Postgresql – SQL Database Design: Balance between table scans and row duplication (Address example)

database-designpostgresql

This question is easily illustrated with an example. Suppose I have an Address table, with the columns: address_id, address_line_1,…,address_line_4, locality, region, postcode, country.

This table will be referenced by:

  • Users (home, default billing, default shipping etc.)
  • Venues
  • Orders (billing, shipping)
  • Bookings

Any Address referenced more than once will not be updatable/deletable. For updates in this case, a new Address will be created and linked to as necessary.

I can think of three reasonable ways of storing information in the Address table:

  1. Addresses are unique. Every time a new Address is created (e.g., by a User), the entire table must be scanned to see if the Address already exists. I imagine this solution having an index supporting address_id, and an index supporting the actual Address columns (address_line_1,…,country).
  2. Addresses are unique at the level of the Users or Venues. If a new Address is added for a User or Venue, only the Addresses for that User or Venue need to be checked before adding another. Orders/Bookings reference these.
  3. Addresses are not shared at all (i.e., any row in the Address table has precisely one Owner; a User or an Order, etc.).

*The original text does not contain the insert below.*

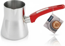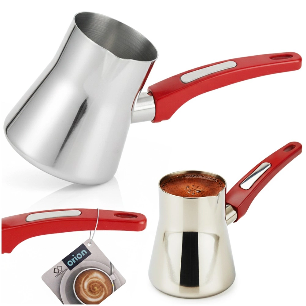 Pratique cafetière turque en acier inoxydable de 330 ml avec poignée ergonomique rouge et bec verseur. Compatible avec les plaques gaz, électriques et vitrocéramiques, idéale aussi pour le chauffage du lait. Fabriquée en acier inoxydable de qualité, sans danger pour les aliments, lavable au lave-vaisselle et dotée d’un rebord anti-gouttes spécial contre les débordements.

Every time there is a new Order, the appropriate User Addresses are duplicated in the Address table and referenced by the Order.

I don't really like the third solution, but choosing between the other two is harder.

Questions

  • Is it practical, at scale, to scan an entire table to see if an Address exists before adding it (Option 1)?
  • Is an index supporting a combination of eight columns reasonable (Option 1)?
  • Or is there value in striking a balance between row uniqueness and the amount of data to be scanned (as in Option 2)?
  • Is there a point at which one option becomes better than the other?

I would appreciate any advice.

Best Answer

Ensuring that addresses are unique is not a trivial problem. You have to assume that people enter their addresses in slightly different ways, abbreviating some parts sometimes, or omitting optional information. Just checking for exact duplicates would probably fail pretty often.

You should consider whether trying to keep addresses unique is worth the effort and complexity.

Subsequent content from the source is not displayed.